Below are the records; give again exactly the lines from the one containing "Testé par les" through the one containing "圖3示出由混合變壓器構(gò", leaving out pictures.

(Records from a dataset)
- - - -

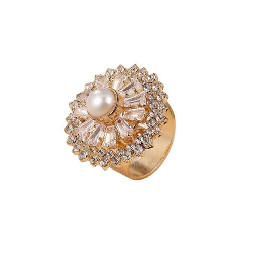 Artful Rhinestone Size Adjustable Gold-Plated Ring
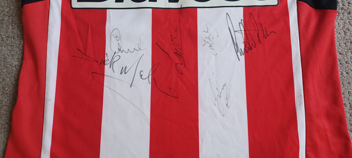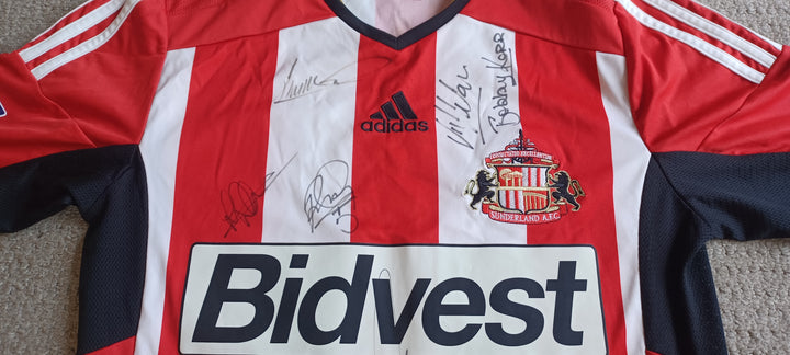 Signatures include. Jimmy Montgomery, Dick Malone, Bobby Kerr, Ritchie Pitt, Vic Halom from the 73 cup win and Jermain Defoe, Patrick Van Aanholt, plus 3 others.
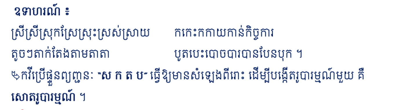 ឬស្រៈដដែលៗក្នុងឃ្លា ឬវគ្គ ដើម្បីបង្កើតឱ្យសំឡេងពីរោះ និងបង្កើតរូបារម្មណ៍មួយ គឺ
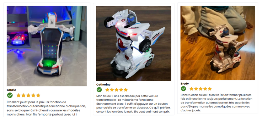 Testé par les parents. Après 3 semaines de jeu intensif, de chutes et de transformations quotidiennes : Zéro fissure. Zéro pièce lâche. Se transforme toujours comme neuf.
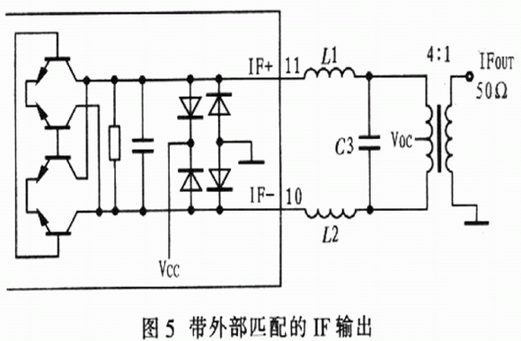 圖3示出由混合變壓器構(gòu)成的lF匹配電路,以達(dá)到最低LO-IF泄漏和最寬的IF帶寬。圖4示出由1個離散的IF不平衡變壓器代替IF變壓器的電路,以降低成本和縮小尺寸,盡管離散的IF不平衡變壓器也有較理想的噪聲系數(shù)、線性度及較高的轉(zhuǎn)換增益,但是LO-IF泄漏降低,IF的帶寬減小。
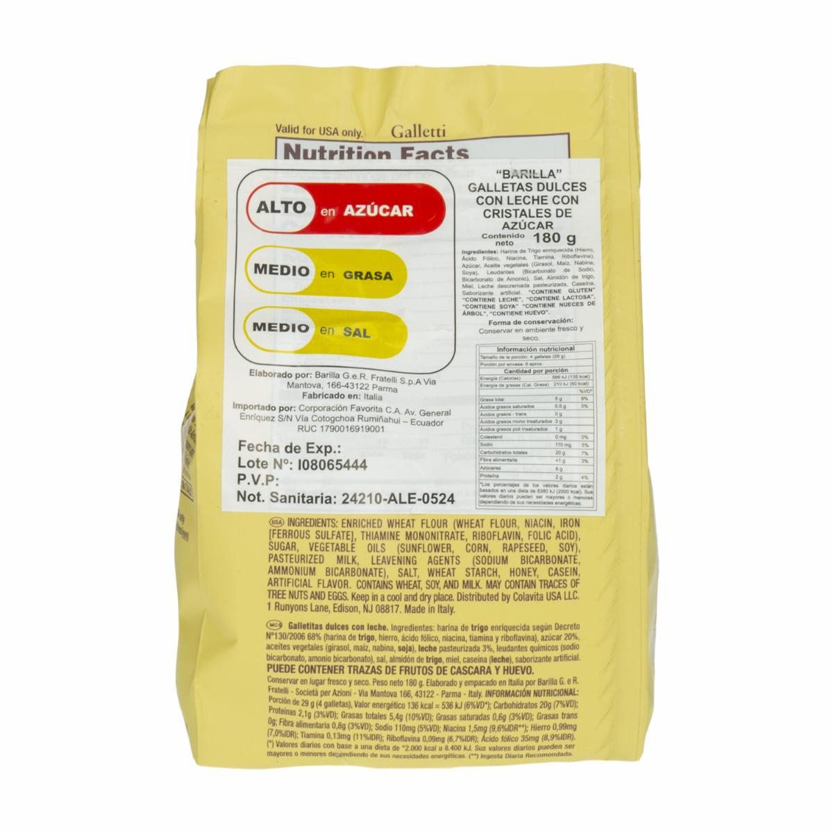 - Las galletas de leche con cristales de azúcar BARILLA, en presentación de 200 g, son un delicioso y crujiente snack ideal para acompañar el café, té o disfrutar solo

- - - -

SOLUTION TO THE EXERCISE>
 Testé par les parents. Après 3 semaines de jeu intensif, de chutes et de transformations quotidiennes : Zéro fissure. Zéro pièce lâche. Se transforme toujours comme neuf.
 圖3示出由混合變壓器構(gòu)成的lF匹配電路,以達(dá)到最低LO-IF泄漏和最寬的IF帶寬。圖4示出由1個離散的IF不平衡變壓器代替IF變壓器的電路,以降低成本和縮小尺寸,盡管離散的IF不平衡變壓器也有較理想的噪聲系數(shù)、線性度及較高的轉(zhuǎn)換增益,但是LO-IF泄漏降低,IF的帶寬減小。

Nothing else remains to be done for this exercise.